Your objective: A verbatim reproduction of the lines below, from the line containing "Set completo lego" through the line containing "2012年3月13日~14日", both ends included, is the whole required output.

Provided entries:
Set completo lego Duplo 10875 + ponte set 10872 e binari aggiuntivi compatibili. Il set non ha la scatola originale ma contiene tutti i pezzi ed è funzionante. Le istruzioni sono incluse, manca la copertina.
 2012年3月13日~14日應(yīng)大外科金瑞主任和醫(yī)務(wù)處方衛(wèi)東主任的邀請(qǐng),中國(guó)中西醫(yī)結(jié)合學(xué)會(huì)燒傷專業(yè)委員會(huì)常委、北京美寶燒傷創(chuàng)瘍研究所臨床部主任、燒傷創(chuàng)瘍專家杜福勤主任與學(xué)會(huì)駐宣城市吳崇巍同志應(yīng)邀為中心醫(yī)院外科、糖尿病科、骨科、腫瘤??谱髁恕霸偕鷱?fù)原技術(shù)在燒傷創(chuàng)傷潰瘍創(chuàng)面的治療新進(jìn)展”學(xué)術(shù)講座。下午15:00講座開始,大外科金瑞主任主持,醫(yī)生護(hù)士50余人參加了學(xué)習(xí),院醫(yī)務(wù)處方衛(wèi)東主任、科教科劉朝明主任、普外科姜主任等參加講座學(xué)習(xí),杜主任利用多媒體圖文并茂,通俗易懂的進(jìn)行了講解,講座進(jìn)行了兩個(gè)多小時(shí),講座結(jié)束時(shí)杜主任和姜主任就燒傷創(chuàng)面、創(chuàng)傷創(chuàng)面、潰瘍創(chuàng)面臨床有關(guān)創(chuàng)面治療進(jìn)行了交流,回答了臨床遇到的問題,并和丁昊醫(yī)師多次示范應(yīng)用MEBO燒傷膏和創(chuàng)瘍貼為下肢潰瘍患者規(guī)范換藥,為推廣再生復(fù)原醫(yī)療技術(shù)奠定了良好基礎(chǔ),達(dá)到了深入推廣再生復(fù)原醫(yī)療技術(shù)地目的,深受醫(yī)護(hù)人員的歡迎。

--

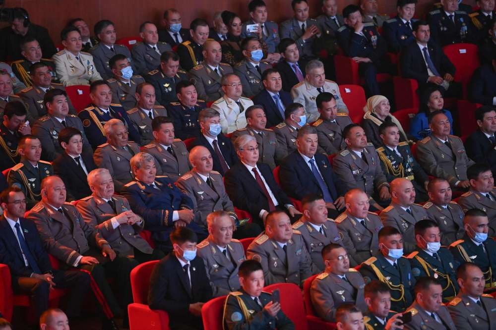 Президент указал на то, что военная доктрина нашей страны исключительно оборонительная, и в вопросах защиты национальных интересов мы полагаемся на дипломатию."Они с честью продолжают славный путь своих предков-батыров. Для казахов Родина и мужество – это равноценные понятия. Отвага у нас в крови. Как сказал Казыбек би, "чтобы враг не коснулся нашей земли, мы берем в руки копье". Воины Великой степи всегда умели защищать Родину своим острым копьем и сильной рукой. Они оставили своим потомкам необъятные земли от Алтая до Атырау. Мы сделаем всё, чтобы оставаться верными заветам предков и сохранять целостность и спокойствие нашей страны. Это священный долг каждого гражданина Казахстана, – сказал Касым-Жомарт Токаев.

Worked solution:
Set completo lego Duplo 10875 + ponte set 10872 e binari aggiuntivi compatibili. Il set non ha la scatola originale ma contiene tutti i pezzi ed è funzionante. Le istruzioni sono incluse, manca la copertina.
 2012年3月13日~14日應(yīng)大外科金瑞主任和醫(yī)務(wù)處方衛(wèi)東主任的邀請(qǐng),中國(guó)中西醫(yī)結(jié)合學(xué)會(huì)燒傷專業(yè)委員會(huì)常委、北京美寶燒傷創(chuàng)瘍研究所臨床部主任、燒傷創(chuàng)瘍專家杜福勤主任與學(xué)會(huì)駐宣城市吳崇巍同志應(yīng)邀為中心醫(yī)院外科、糖尿病科、骨科、腫瘤??谱髁恕霸偕鷱?fù)原技術(shù)在燒傷創(chuàng)傷潰瘍創(chuàng)面的治療新進(jìn)展”學(xué)術(shù)講座。下午15:00講座開始,大外科金瑞主任主持,醫(yī)生護(hù)士50余人參加了學(xué)習(xí),院醫(yī)務(wù)處方衛(wèi)東主任、科教科劉朝明主任、普外科姜主任等參加講座學(xué)習(xí),杜主任利用多媒體圖文并茂,通俗易懂的進(jìn)行了講解,講座進(jìn)行了兩個(gè)多小時(shí),講座結(jié)束時(shí)杜主任和姜主任就燒傷創(chuàng)面、創(chuàng)傷創(chuàng)面、潰瘍創(chuàng)面臨床有關(guān)創(chuàng)面治療進(jìn)行了交流,回答了臨床遇到的問題,并和丁昊醫(yī)師多次示范應(yīng)用MEBO燒傷膏和創(chuàng)瘍貼為下肢潰瘍患者規(guī)范換藥,為推廣再生復(fù)原醫(yī)療技術(shù)奠定了良好基礎(chǔ),達(dá)到了深入推廣再生復(fù)原醫(yī)療技術(shù)地目的,深受醫(yī)護(hù)人員的歡迎。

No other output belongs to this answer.